It is a noteworthy fact that all names of nights of the moon's age are preceded by the indefinite article he, “a”, or “an”. If you ask a native what night of the moon it is he will reply, “He Tirea” (A Tirea), or “He Otane” (An Otane), or whatever it may be.

In connection with the above list may be mentioned a peculiar circumstance. It is well known that in former times the Maori regulated his pursuits in a very singular manner. Thus he planted his kumara crop only on certain days of the moon, or nights as he termed them. In like manner certain fish were taken, or certain methods of fishing practised, only on certain days or nights. Now Mita, who communicated the above calendar to Metera, employed certain symbols to represent different modes of taking fish, and these symbols he marked opposite the names of the nights of the moon on his marama taka or calendar. Presumably this arrangement of symbols would differ as in different months; this point was not made clear. One symbol represented line fishing, another fishing by torchlight, and so on. One sign represented luckless days on which no manner of fishing would be successful; this appears opposite four nights, the Huna, Atua, Korekore, and Korekore-turua. In several cases nights have but one symbol opposite them, several have two, some have three, and one has as many as seven. These symbols number 10, one being a round dot, another a straight horizontal line, another a cross. Three are segments of a circle, in different positions; another a straight horizontal line with a short transverse stroke at one end; while another is of similar form, but the transverse stroke is at the opposite end. One is the roman letter L, and the tenth is the letter e.

As to the origin of this usage one can only surmise that Mita had examined a European almanac and had noted the use of symbols. An explanation of their use might have given him the idea of formulating page 30 a series pertaining to his own craft, and utilising it in connection with the lunar month. He must have been an ingenious and adaptive person.

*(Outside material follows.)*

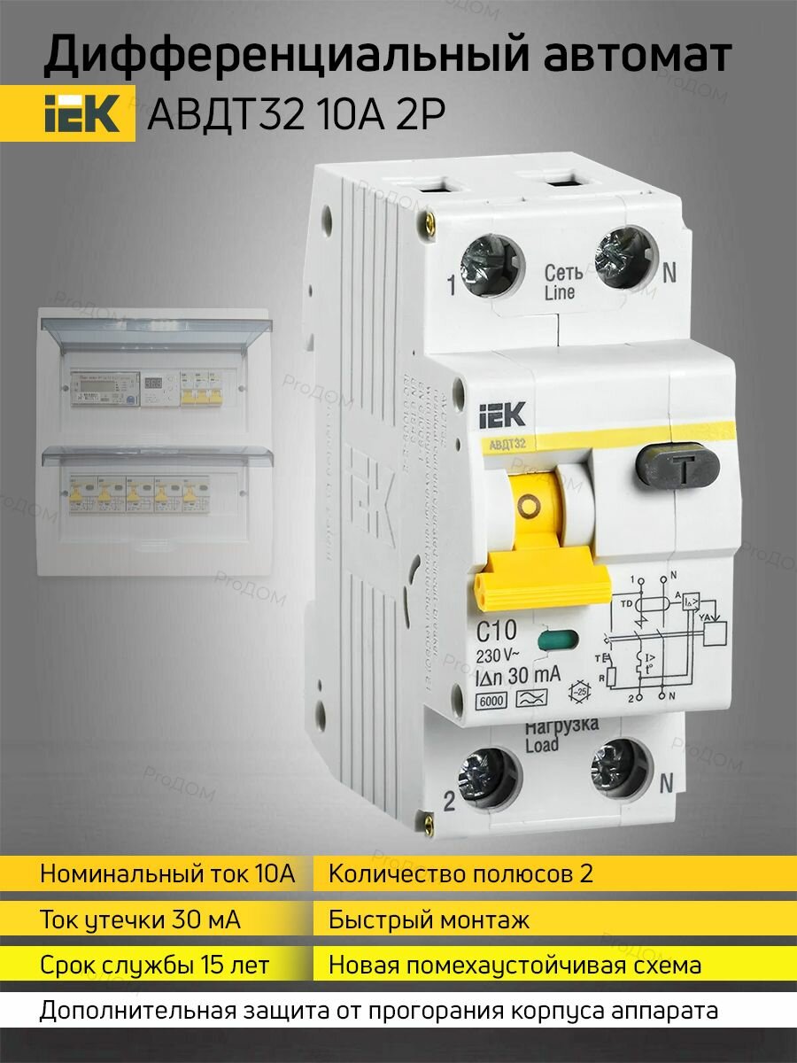 Дифференциальный автомат IEK АВДТ32 2П 30 мА C 6 кА A электронный 10 А 30 мА

Names of nights of the moon differ to some extent in different districts, as also does the order in which the names occur. Quite possibly the latter peculiarity is due to forgetfulness on the part of contributors of data, for it is long since the Maori system of time division was abandoned. In the following list, given by a member of the Tuhoe tribe, such a difference is noted. The nights marked with an asterisk (*) are good fishing nights for taking eels and kokopu; the other nights are not so. The Tuhoe folk were not sea fishers, as they have no seaboard.

No. 2
1. Whiro* New moon, but not seen.
2. Tirea* Feeble radiance of moon seen.
3. Hoata* Moon clearly seen.
4. Oue.*
5. Okoro Fish are restless.
6. Tamatea-tutahi.
7. Tamatea-a-ngana.
8. Tamatea-aio.
9. Tamatea-kai-ariki-whakapa.
10. Ari-matanui.
11. Huna.
12. Mawharu.
13. Maure.
14. Ohua.
15. Atua.
16. Hotu.
17. Turu.
18. Rakau-nui.
19. Rakau-matohi.
20. Takirau.
21. Oika.
22. Korekore-whakatehe.
23. Korekore-piri-ki-te-Tangaroa.
24. Tangaroa-a-mua.*
25. Tangaroa-a-roto.*
26. Tangaroa-kiokio.*
27. Otane.*
28. Orongonui.*
29. Mauri.*
30. Mutuwhenua.*

The contributor of this list stated that the weather on the eighth night of the moon was accepted as betokening that for the balance of the month. In this list Ari is given as the name of the tenth night; in page 31 list No. 1 it appears as the eleventh night. The latter is probably correct. The Huna and Ari nights change places in No. 2 list. Again, from the eleventh to the twelfth nights the names have been transposed. Williams's Maori Dictionary gives Atua and Hotu as being two names for the fifteenth night, but a good many lists contain both. Williams gives Atua-mate-o-Hotu as the full name of the night; his full list of names is given in list No. 3.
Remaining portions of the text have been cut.